Because, although we are not fierce competitors, inwardly we think and believe that the success of one is the failure of others. There’s not much on its own in book sales, because there’s an audience for everything (and tastes, colours) as well as the deals offered to us every day: being able to attend the X or Y Comics Fair at the grown-ups. City Book Fair, interviews with this or that media, distribution here or there. It’s a competitive world, that’s right, there are companies, no staff, son. My presence in a contest may prevent another broadcaster from working on a simple question of capacity. Or that the paper I use to print a comic has a different fold. And no veteran wants their fishing grounds spiraling out of control after years of dedication to finding a productive reef. Water metaphors are running out.

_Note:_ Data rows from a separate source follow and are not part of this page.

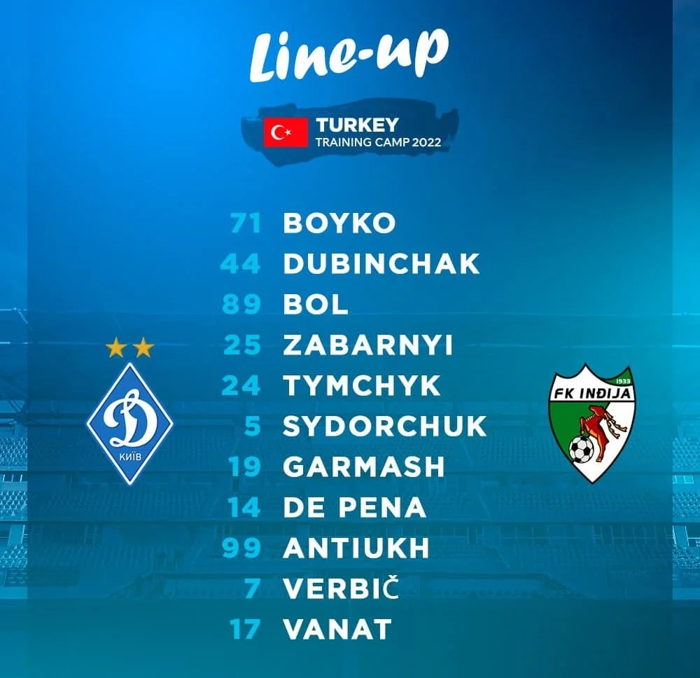 Динамо – Інджия: стартові склади та онлайн-відеотрансляція матчу 13 02 2022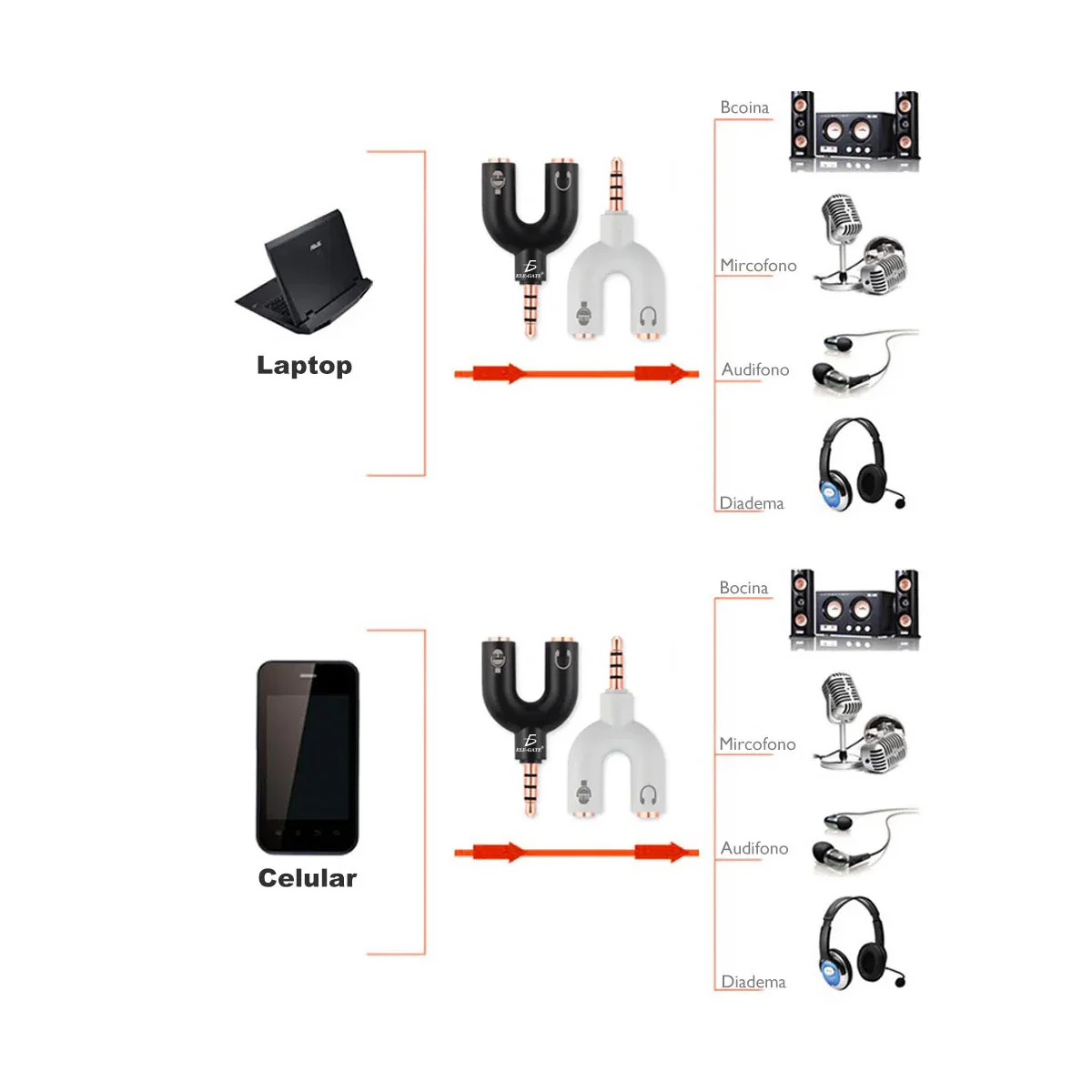 ideal para headsets de 2 entradas y que puedan ser usados en dispositivos que solo usan 1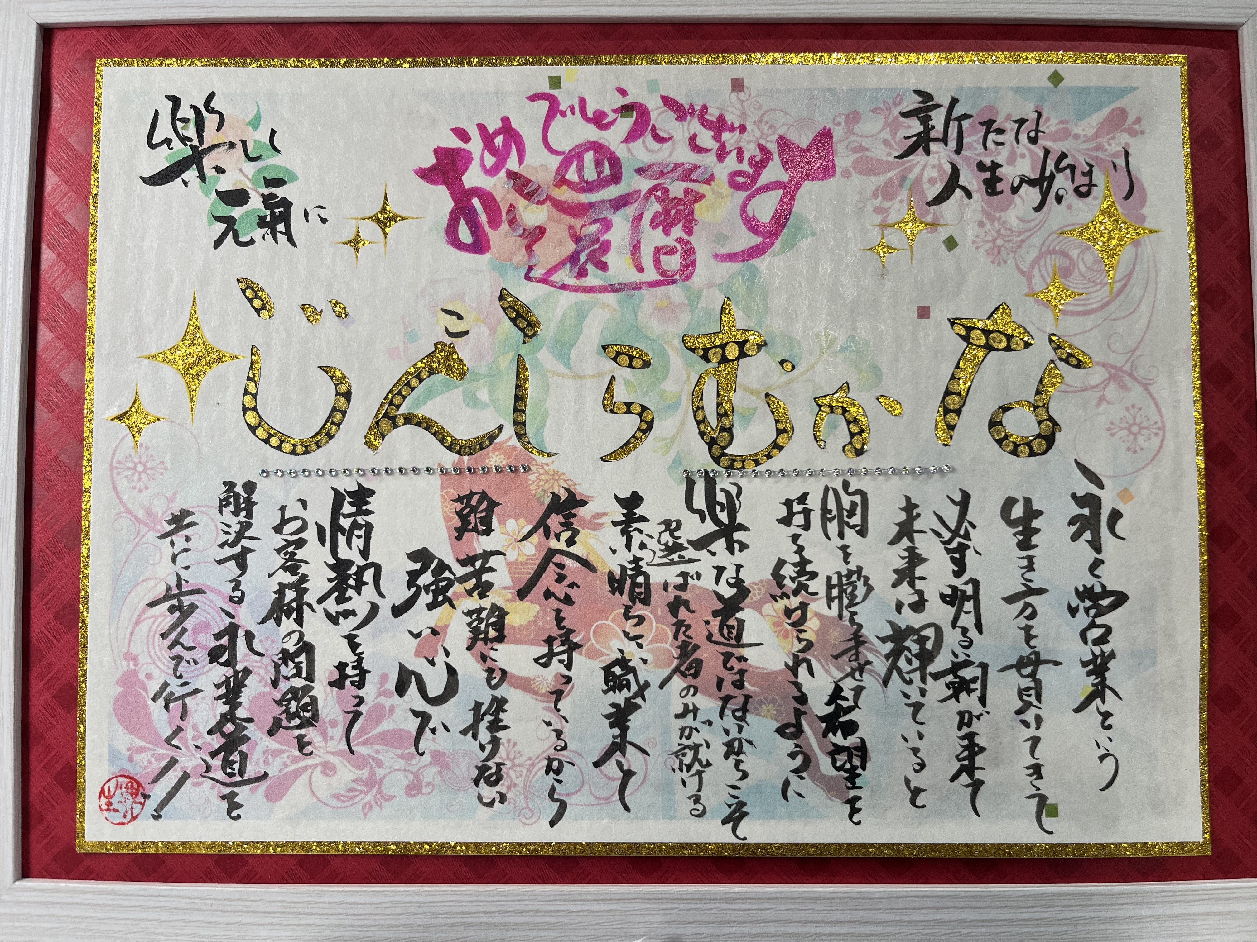 お友達の誕生日にプレゼントしたいとの事で、作成させて頂きました。私が作った文章を読んで頂いて、変更のご希望箇所を伝えて頂き、部分的に変更しました。これが一番ではないかと思います。とても良いメッセージになったと思います。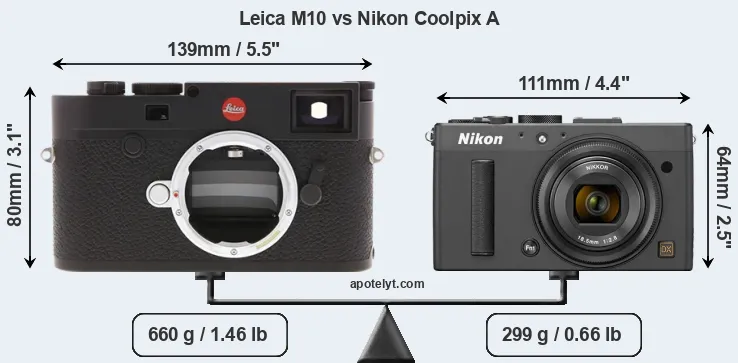 If the front view area (width x height) of the cameras is taken as an aggregate measure of their size, the Nikon Coolpix A is considerably smaller (36 percent) than the Leica M10. It is worth mentioning in this context that the M10 is splash and dust resistant, while the Coolpix A does not feature any corresponding weather-sealing.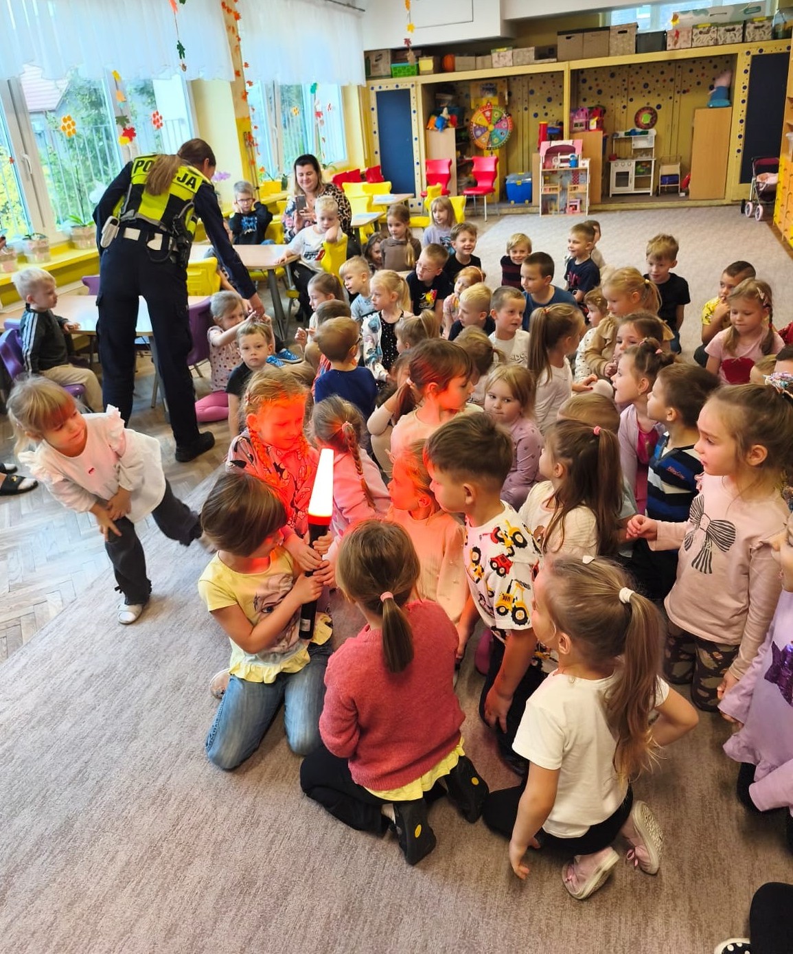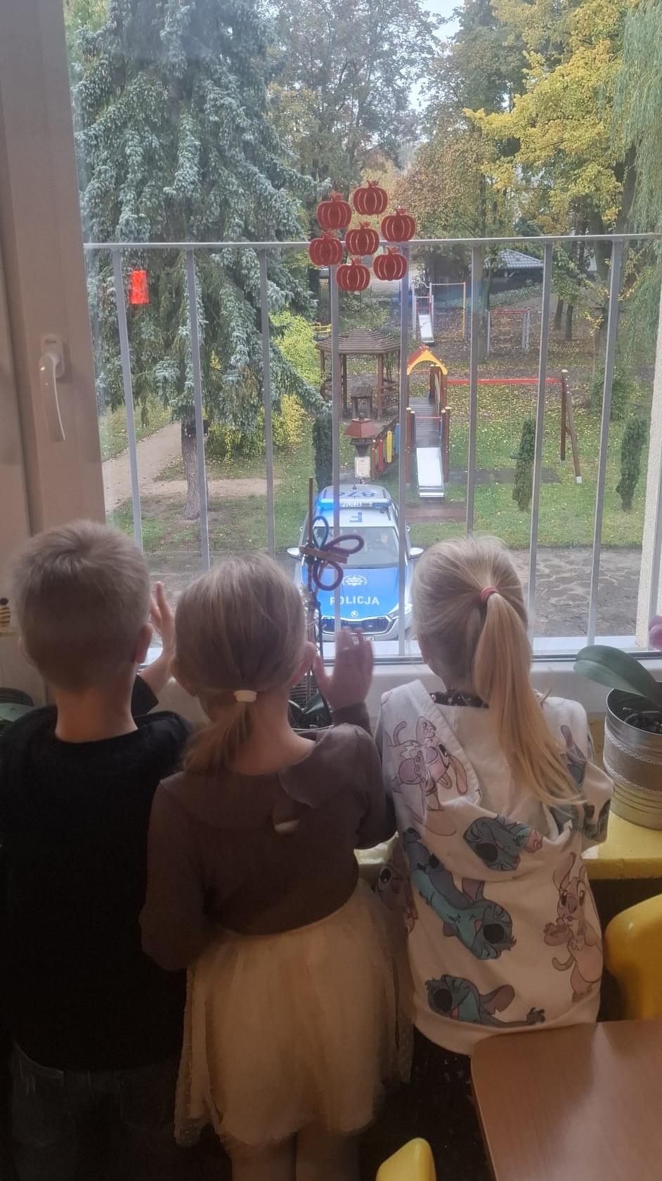 Na zakończenie, ze względu na deszczową pogodę dzieci obejrzały wóz policyjny przez okno, co też było dużą atrakcją.

But I always believed in the power of the collective. Ever since I started drawing fanzines, I’ve met other people (Zulai and Irene, from whom we started Studio Kat) who fueled this desire and enthusiasm through a joint project. From there, we completely ended up at Epicentro, a group that puts together dozens of fanzines for better prices for print, booths at comic or manga fairs, and good advice on how to move forward. When Epicentro fell apart in the mid-2000s, the survivors (Studio Kat, Russian Roulette, Studio Wargh…) came together in what we call the New Epicentro or La Rusa del Gato, depending on who you ask. And from there the spark of what you know today (you better know) came as Fandogami. Always the guide, always as a team.
Therefore, I applaud initiatives that bring together small publishers that have always functioned as walled villages, with no contact with the outside world other than lowering the window to fulfill orders. When I read that Cascaborra and Cósmica shared the stands at some of their recent events, I thought: this is the way. Without going any further, we are currently working with Moztros to move materials over the internet and trade shows. Very interesting proposals are being made, Sectoral, the various professional associations in the industry have grown in record time, but as well as forging common points at a snail’s pace (and often flagged by people who control the issue). broadcasters bigger and staff more positioned) I like instant action, start before your rings fall off, stick to a target one by one and show, report, here we go to one, Fuenteovejuna, sir! Consolidate minds to print and distribute together, share warehouses, cut expenses, make barriers a common problem, not something you can already deal with. We are not less to hold hands: we are stronger to face the future and publish the comics we want without blaming anyone.
Create alliances! Show the colors! It’s great to work with when you actually do it, move boxes, and get your butt moving. Waiting for long-term strategic plans to take pictures while waiting for the others to close, as if there weren’t enough fish in the sea, is removing the planks and throwing people into the sea.